* The records
○ ○ ○ ○ ○ ○ ○

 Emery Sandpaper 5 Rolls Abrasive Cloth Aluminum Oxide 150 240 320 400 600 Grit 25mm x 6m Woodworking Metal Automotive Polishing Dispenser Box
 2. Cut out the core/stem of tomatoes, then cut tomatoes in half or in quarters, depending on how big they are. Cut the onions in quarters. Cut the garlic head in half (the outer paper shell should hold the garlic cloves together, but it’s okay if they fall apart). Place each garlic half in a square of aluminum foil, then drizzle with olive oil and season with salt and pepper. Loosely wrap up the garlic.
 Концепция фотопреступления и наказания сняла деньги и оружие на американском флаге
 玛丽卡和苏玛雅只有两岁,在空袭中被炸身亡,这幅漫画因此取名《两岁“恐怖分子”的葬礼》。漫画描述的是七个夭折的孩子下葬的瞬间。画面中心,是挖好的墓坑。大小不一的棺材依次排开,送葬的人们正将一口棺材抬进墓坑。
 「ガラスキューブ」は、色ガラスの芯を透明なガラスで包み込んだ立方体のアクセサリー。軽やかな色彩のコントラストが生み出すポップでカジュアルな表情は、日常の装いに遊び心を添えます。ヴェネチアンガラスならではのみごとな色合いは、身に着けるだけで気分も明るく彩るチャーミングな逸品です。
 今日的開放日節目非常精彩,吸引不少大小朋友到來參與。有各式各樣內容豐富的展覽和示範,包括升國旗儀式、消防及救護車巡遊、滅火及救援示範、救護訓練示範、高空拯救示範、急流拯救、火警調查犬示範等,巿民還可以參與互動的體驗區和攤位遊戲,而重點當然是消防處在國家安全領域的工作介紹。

○ ○ ○ ○ ○ ○ ○

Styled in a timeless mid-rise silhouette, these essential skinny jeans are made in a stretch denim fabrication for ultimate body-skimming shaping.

○ ○ ○ ○ ○ ○ ○

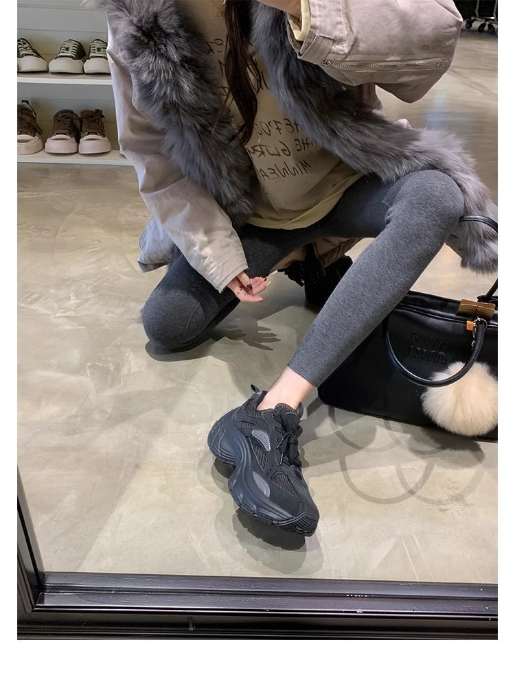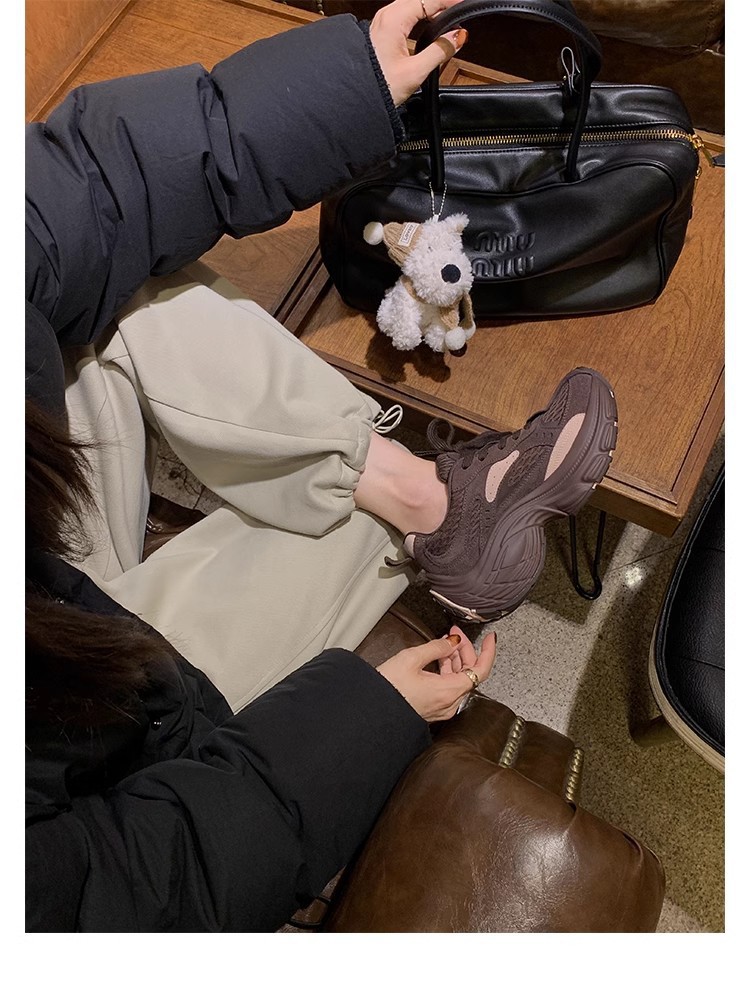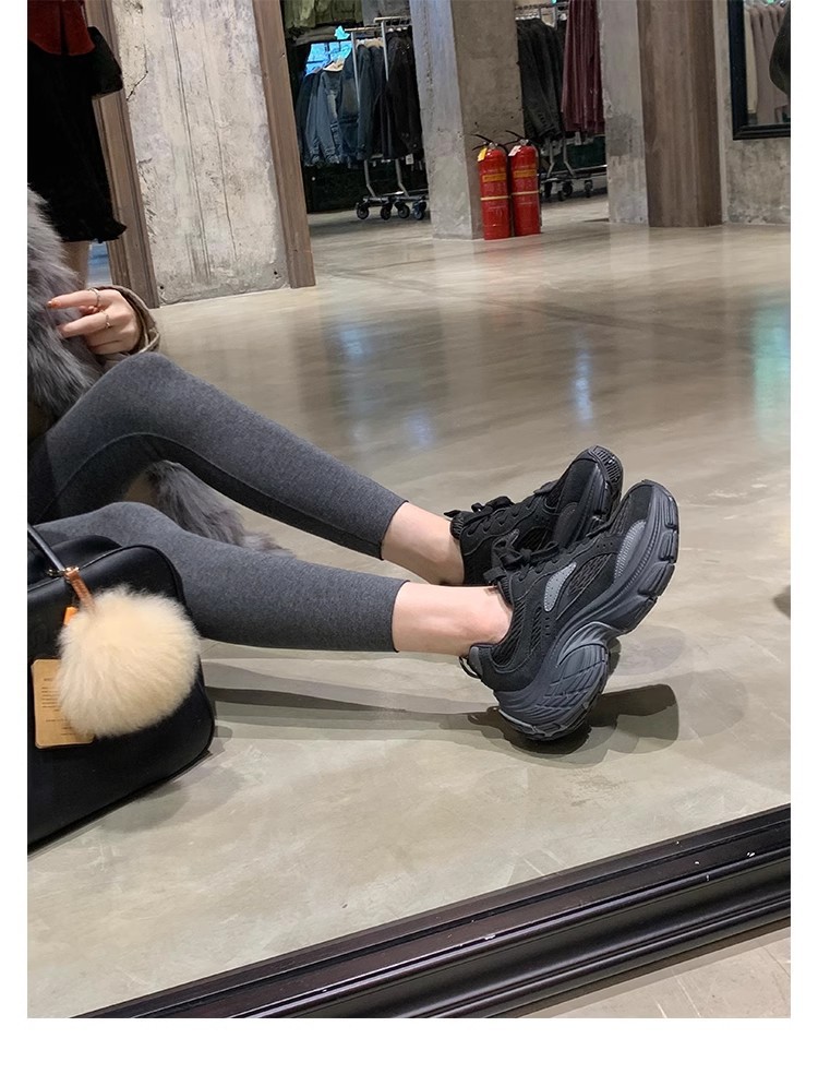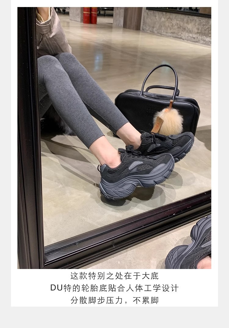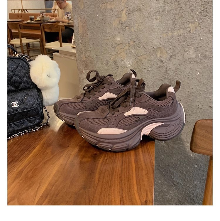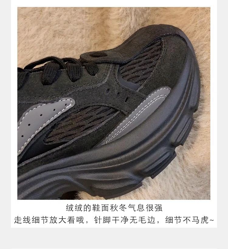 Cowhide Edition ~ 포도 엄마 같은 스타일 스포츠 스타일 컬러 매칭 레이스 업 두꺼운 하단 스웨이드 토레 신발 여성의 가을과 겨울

○ ○ ○ ○ ○ ○ ○

* What you need to do
Only the lines above starting with the one with "Концепция фотопреступления и" and going through the one with "今日的開放日節目非常精彩,吸" are to be copied, word for word and with both ends kept.

* Exercise answer
 Концепция фотопреступления и наказания сняла деньги и оружие на американском флаге
 玛丽卡和苏玛雅只有两岁,在空袭中被炸身亡,这幅漫画因此取名《两岁“恐怖分子”的葬礼》。漫画描述的是七个夭折的孩子下葬的瞬间。画面中心,是挖好的墓坑。大小不一的棺材依次排开,送葬的人们正将一口棺材抬进墓坑。
 「ガラスキューブ」は、色ガラスの芯を透明なガラスで包み込んだ立方体のアクセサリー。軽やかな色彩のコントラストが生み出すポップでカジュアルな表情は、日常の装いに遊び心を添えます。ヴェネチアンガラスならではのみごとな色合いは、身に着けるだけで気分も明るく彩るチャーミングな逸品です。
 今日的開放日節目非常精彩,吸引不少大小朋友到來參與。有各式各樣內容豐富的展覽和示範,包括升國旗儀式、消防及救護車巡遊、滅火及救援示範、救護訓練示範、高空拯救示範、急流拯救、火警調查犬示範等,巿民還可以參與互動的體驗區和攤位遊戲,而重點當然是消防處在國家安全領域的工作介紹。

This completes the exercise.